Step by step solution

01

Understanding the Poisson Distribution

The Poisson distribution is used to model the number of times an event happens in a fixed interval of time or space. Given that the mean number of events (bags lost) is \(\lambda = 2.2\), we can use this to find the probabilities for the number of events (bags lost) on a particular day.
02

Calculate Probability of Losing No Bags (a)

The probability of losing no bags can be calculated using the Poisson probability formula: \( P(X = x) = \frac{e^{-\lambda} \cdot \lambda^x}{x!} \), where \(\lambda = 2.2\) and \(x = 0\). Plug these values into the formula: \[ P(X = 0) = \frac{e^{-2.2} \cdot 2.2^0}{0!} = e^{-2.2} \approx 0.1108 \]
03

Calculate Probability of Losing 0, 1, or 2 Bags (b)
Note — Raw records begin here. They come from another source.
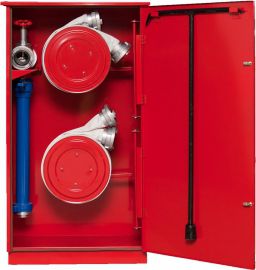 Metāla aizsargkaste āra1250x700x350 hidrata kolonnai, atslēgai, 2 ugunsdzēsības šļūtenēm uz ruļļa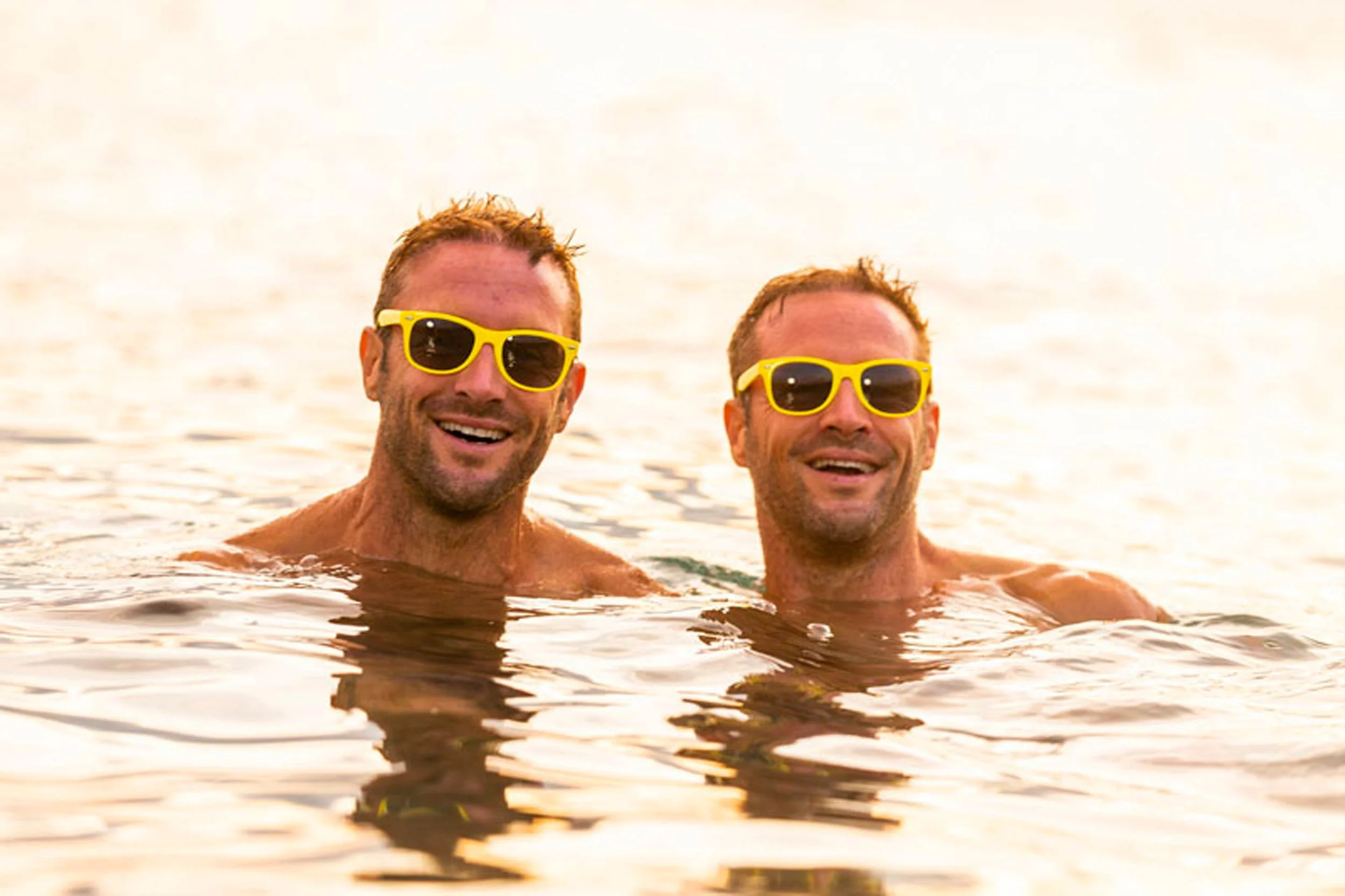 Two men at the beach holding a sign that reads #DipatDawn, wearing sunglasses, with a sunset over the ocean in the background.
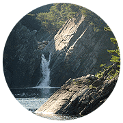 巨大な花崗岩の一枚岩からV字谷に流れ落ちる落差60mの滝。展望台から眺めるとそのスケールに圧倒される。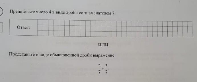 должно получится 4/7 т. к. знаменатель это то что под чертой и под чертой у нас 7, теперь просто нужно в числительные вписать цифру 4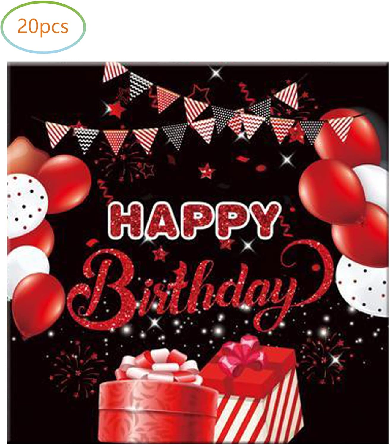 Red and Black Birthday Party Tableware Supplies Set, 20 Plates and 20 Napkins, Red Birthday Party Confetti Sprinkles Happy Birthday Party Decorations for Men Women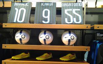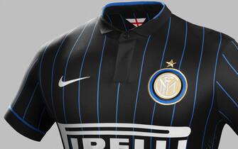 FOTOGALLERY. Cambia completamente il look della divisa nerazzurra, che perde le tradizionali strisce larghe a favore di uno sfondo nero con una "gessatura" azzurra. Sui social network già qualche polemica tra i tifosi, come in occasione della maglia rossa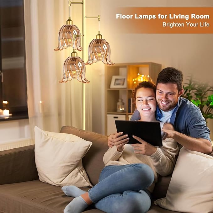 Gold Floor Lamp for Living Room,Bedroom,Tree 3 Light Standing Lamp Mid Century Modern Brass Tall Floor Lamps Vintage Retro Floor Lights Glass Flower Amber Lamp Shade Farmhouse Boho Bohemian
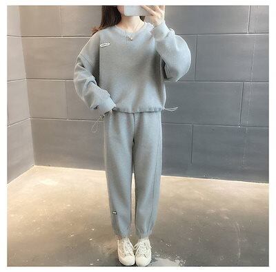 2024新作 カジュアル セットアップ レディース 裏起毛 厚手 パーカー スウェット 運動 ワイドパンツ 二点セット 着痩せ 大きいサイズ 裏起毛ファッション7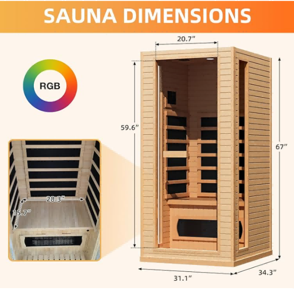 Kompakt gövdesi (genellikle yaklaşık 100 × 80 × 190cm ölçümlü) evler ve daireler gibi küçük alanlar için uygundur ve kullanımı kolaydır. Dahili olarak konforlu banklar ve nefes alabilen örgü tasarımı ile donatılmış, akıllı bir sıcaklık kontrol sistemi (30-65 ℃ ayarlanabilir sıcaklık aralığı) ile birleştiğinde, süre, güvenlik ve konforu dengeleyerek ihtiyaçlara (0-60 dakika) göre ayarlanabilir.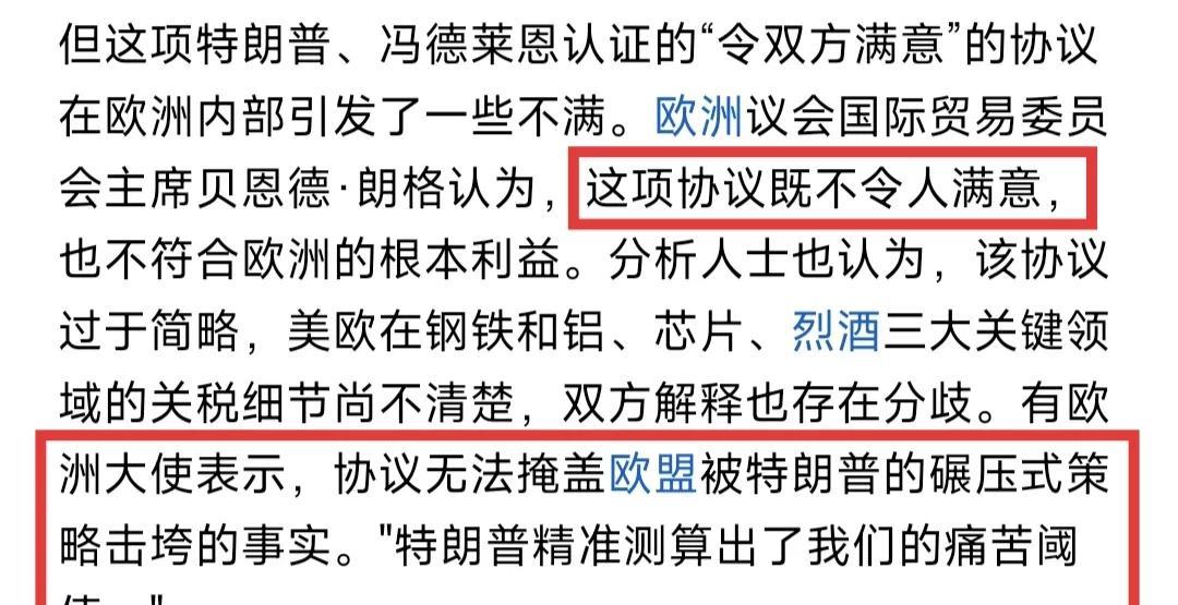 欧盟跪得太脆了!就这还号称世界一级?见过努力上餐桌的,真没见过上赶着往餐盘里爬的。 本来欧盟对美谈判就处于劣势,如果能跟咱们建立起良好的贸易关系,形成统一战线,至少可以跟懂王耗下去,结果冯德莱恩这老太太,跑咱们这来撂了一堆片汤话,光提要求(稀土、俄油等),却不谈利益交换,最后碰了一鼻子灰,悻悻而归。 然后扭过头去,就对美国跪了,协议内容主要包括: 1. 除芯片、酒类仍需谈判外,所有商品将被征收15%的关税,同时对美国0关税开放市场。 2. 在现有基础上,向美国追加6000亿美元投资,比日本还要高500亿美元。 3. 购买美国7500亿美元的能源产品。 4. 药品、金属存在分歧。 懂王宣称药品单谈,金属关税维持不变(钢铝、铜50%),但冯德莱恩说药和金属,统一都是15%,超出配额的部分,才是50%。 我估计最后还是以懂王为准。 5. 承诺大量购买美国的军事装备,这与北约购买美国武器援乌的计划相一致。 说实话,看到这份协议内容,我甚至都感觉日本占便宜了:欧盟等于在军工、能源、农业、科技等几乎所有领域,全面的割股奉亲,说是自己上赶着往餐盘里面爬,让美国吃爽喝爽,一点都不为过。 欧洲议会国际贸易委员会主席吐槽:这份协议根本不能令人满意,特朗普精准测算出了我们的痛苦阈值,欧盟被他给彻底击垮了。 多新鲜啊,手上没牌,内部一盘散沙,军事上还有求于美国,但又不愿意建立全球统一战线,你拿什么跟懂王谈?最后无非是割多少肉,懂王才能满意的问题。 我就问一句,你割的肉比日本还多,你俩谁是美国的好大儿?就这还号称世界一级?洗洗睡吧~
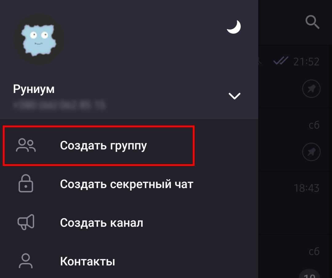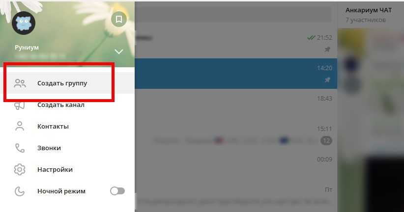 1. Зайдите в меню и выберите пункт «Создать группу» «New Group».

To find this probability, we need to calculate \( P(X = 0) + P(X = 1) + P(X = 2) \). These are given by:- \( P(X=0) = e^{-2.2} \)- \( P(X=1) = \frac{e^{-2.2} \cdot 2.2^1}{1!} \approx 0.2438 \)- \( P(X=2) = \frac{e^{-2.2} \cdot 2.2^2}{2!} \approx 0.2682 \)Adding them gives: \[ P(X = 0 \text{ or } 1 \text{ or } 2) = 0.1108 + 0.2438 + 0.2682 = 0.6228 \]
04

Consideration of Doubling Flights (c)

If the airline doubles the number of flights, the mean number of lost bags \(\lambda\) would likely increase since more flights usually mean more opportunities for bags to be lost. This requires recalibration of the Poisson model. Keeping \(\lambda = 2.2\) is unsuitable if the actual average changes significantly. Therefore, the recommendation is to reassess and possibly adjust \(\lambda\) based on new data.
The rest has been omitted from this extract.